If George Bush’s objective with the publication of his memoirs “Decision Point” and the ensuing round of promotional interviews for the book was the rehabilitation of his battered image in American society, I very much doubt that he will succeed.

For this to occur, the former president would have to either provide new information on his presidency that could alter the judgment on the merits of his decisions, or show at least some degree of regret concerning his most controversial policies. Nevertheless, he does neither of these. His memoirs are largely redundant and self-indulgent.

“Decision Points” provides little new information on his presidency. Instead, it offers a number of interesting anecdotes about his private life, such as the question he posed while drunk to a friend of his mother’s: “What is sex like after 50?”

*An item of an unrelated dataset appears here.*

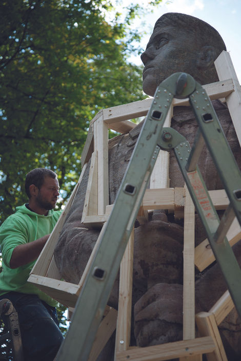»Instead of being created independently, ‘Schalung’ is a direct reaction to a very controversial, historically charged sculpture dating back to the aesthetic and ideological values of National Socialism. Commissioned by the Nazis in the 1940s as a heroic ‘warrior memorial’, as soon as it was completed it was encased in a wooden crate as it was only supposed to be unveiled once ‘total victory’ had been achieved. It was hence concealed inside wooden boarding for many years until politicians finally remembered it and erected it as a ‘warrior memorial’ in the town of Göppingen, where it can still be seen. I regard ‘Schalung’ as a kind of ‘anti-sculpture’. Given its appearance as planking or casing, it questions the possibility of neutralizing art from society. It also addresses the political and ideological functionalization of art and its associated misuse.«

As far as his policy decisions are concerned, it is ridiculous that at this stage Bush continues to insist that “waterboarding” (or the “submarino” [submarine] in Spanish-speaking lands) is not torture. For all that his lawyers may have told him at the time that it was a legal practice, it’s hard to believe that the former president was so stupid as to not know that they were lying to him.

In any case, even if that could have been true, by now Bush must already have heard more than once that the U.S. Army denounced “waterboarding” as torture when the Japanese military used the procedure against American prisoners during World War II.

Therefore, one has to be a hypocrite and a coward, in addition to being a dangerous cynic, to continue to insist on television that “waterboarding” is not torture. What is it that Bush is trying to tell us, that it is torture only when it is applied to U.S. citizens, but not when they are the ones who are applying it?

If the former president considers the use of torture in the fight against terrorism to be legitimate, then let him say so openly, and that will be the moral debate we will have. But it is insulting for him to repeat to us the same tired old song when experts in human rights are unanimous in considering “waterboarding” to be an abuse.

Probably, Bush doesn’t realize that his comments only serve to tarnish the image of the U.S. One of the things for which the world’s only superpower is most reproached is the double standard by which it measures the actions of its troops or those of its allies.

This same week we have seen yet another example. While in 2006 Israel chose to blockade Gaza and isolate Hamas, among other things, for not having agreed to the famous “Road Map,” Israel itself was “punished” only with a small verbal reprimand when it flagrantly violated the Road Map by building new settlements. And nobody in Washington has even the slightest intention to question the approximately $3 billion of aid that American taxpayers annually send to Israel.